#### Prompt:
Retype all of the data without changing a single word.

>>>

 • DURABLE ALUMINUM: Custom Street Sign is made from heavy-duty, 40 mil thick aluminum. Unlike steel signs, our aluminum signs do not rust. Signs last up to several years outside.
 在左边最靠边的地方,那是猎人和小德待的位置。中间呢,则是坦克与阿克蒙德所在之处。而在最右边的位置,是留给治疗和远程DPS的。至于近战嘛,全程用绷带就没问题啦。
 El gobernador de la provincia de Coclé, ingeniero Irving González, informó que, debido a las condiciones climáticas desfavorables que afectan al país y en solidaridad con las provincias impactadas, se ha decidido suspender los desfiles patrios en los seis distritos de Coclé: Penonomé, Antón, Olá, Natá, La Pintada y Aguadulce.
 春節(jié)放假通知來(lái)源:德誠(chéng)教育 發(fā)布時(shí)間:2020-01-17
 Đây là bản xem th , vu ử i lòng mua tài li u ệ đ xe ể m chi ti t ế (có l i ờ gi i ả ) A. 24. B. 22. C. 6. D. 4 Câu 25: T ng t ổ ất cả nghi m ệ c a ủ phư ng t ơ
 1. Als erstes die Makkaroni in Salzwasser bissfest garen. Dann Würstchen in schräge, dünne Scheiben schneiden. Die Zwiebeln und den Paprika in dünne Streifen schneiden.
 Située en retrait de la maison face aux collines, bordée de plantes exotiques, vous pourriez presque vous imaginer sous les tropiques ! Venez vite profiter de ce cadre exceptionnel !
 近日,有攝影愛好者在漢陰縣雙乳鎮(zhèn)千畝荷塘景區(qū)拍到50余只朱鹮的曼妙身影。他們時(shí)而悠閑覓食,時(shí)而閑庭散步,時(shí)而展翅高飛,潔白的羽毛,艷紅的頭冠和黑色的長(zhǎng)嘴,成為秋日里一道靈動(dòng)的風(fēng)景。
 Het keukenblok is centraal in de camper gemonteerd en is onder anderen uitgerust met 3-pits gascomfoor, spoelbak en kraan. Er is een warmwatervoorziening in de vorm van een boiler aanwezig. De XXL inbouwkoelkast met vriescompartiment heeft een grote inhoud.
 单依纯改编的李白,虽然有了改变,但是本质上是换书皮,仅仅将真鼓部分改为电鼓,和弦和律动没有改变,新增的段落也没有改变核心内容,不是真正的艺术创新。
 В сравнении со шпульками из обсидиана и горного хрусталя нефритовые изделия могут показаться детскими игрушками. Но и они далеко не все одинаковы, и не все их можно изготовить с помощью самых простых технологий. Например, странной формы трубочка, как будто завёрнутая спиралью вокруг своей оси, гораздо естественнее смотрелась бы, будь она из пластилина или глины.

<<<

#### Solution for this exercise:
 • DURABLE ALUMINUM: Custom Street Sign is made from heavy-duty, 40 mil thick aluminum. Unlike steel signs, our aluminum signs do not rust. Signs last up to several years outside.
 在左边最靠边的地方,那是猎人和小德待的位置。中间呢,则是坦克与阿克蒙德所在之处。而在最右边的位置,是留给治疗和远程DPS的。至于近战嘛,全程用绷带就没问题啦。
 El gobernador de la provincia de Coclé, ingeniero Irving González, informó que, debido a las condiciones climáticas desfavorables que afectan al país y en solidaridad con las provincias impactadas, se ha decidido suspender los desfiles patrios en los seis distritos de Coclé: Penonomé, Antón, Olá, Natá, La Pintada y Aguadulce.
 春節(jié)放假通知來(lái)源:德誠(chéng)教育 發(fā)布時(shí)間:2020-01-17
 Đây là bản xem th , vu ử i lòng mua tài li u ệ đ xe ể m chi ti t ế (có l i ờ gi i ả ) A. 24. B. 22. C. 6. D. 4 Câu 25: T ng t ổ ất cả nghi m ệ c a ủ phư ng t ơ
 1. Als erstes die Makkaroni in Salzwasser bissfest garen. Dann Würstchen in schräge, dünne Scheiben schneiden. Die Zwiebeln und den Paprika in dünne Streifen schneiden.
 Située en retrait de la maison face aux collines, bordée de plantes exotiques, vous pourriez presque vous imaginer sous les tropiques ! Venez vite profiter de ce cadre exceptionnel !
 近日,有攝影愛好者在漢陰縣雙乳鎮(zhèn)千畝荷塘景區(qū)拍到50余只朱鹮的曼妙身影。他們時(shí)而悠閑覓食,時(shí)而閑庭散步,時(shí)而展翅高飛,潔白的羽毛,艷紅的頭冠和黑色的長(zhǎng)嘴,成為秋日里一道靈動(dòng)的風(fēng)景。
 Het keukenblok is centraal in de camper gemonteerd en is onder anderen uitgerust met 3-pits gascomfoor, spoelbak en kraan. Er is een warmwatervoorziening in de vorm van een boiler aanwezig. De XXL inbouwkoelkast met vriescompartiment heeft een grote inhoud.
 单依纯改编的李白,虽然有了改变,但是本质上是换书皮,仅仅将真鼓部分改为电鼓,和弦和律动没有改变,新增的段落也没有改变核心内容,不是真正的艺术创新。
 В сравнении со шпульками из обсидиана и горного хрусталя нефритовые изделия могут показаться детскими игрушками. Но и они далеко не все одинаковы, и не все их можно изготовить с помощью самых простых технологий. Например, странной формы трубочка, как будто завёрнутая спиралью вокруг своей оси, гораздо естественнее смотрелась бы, будь она из пластилина или глины.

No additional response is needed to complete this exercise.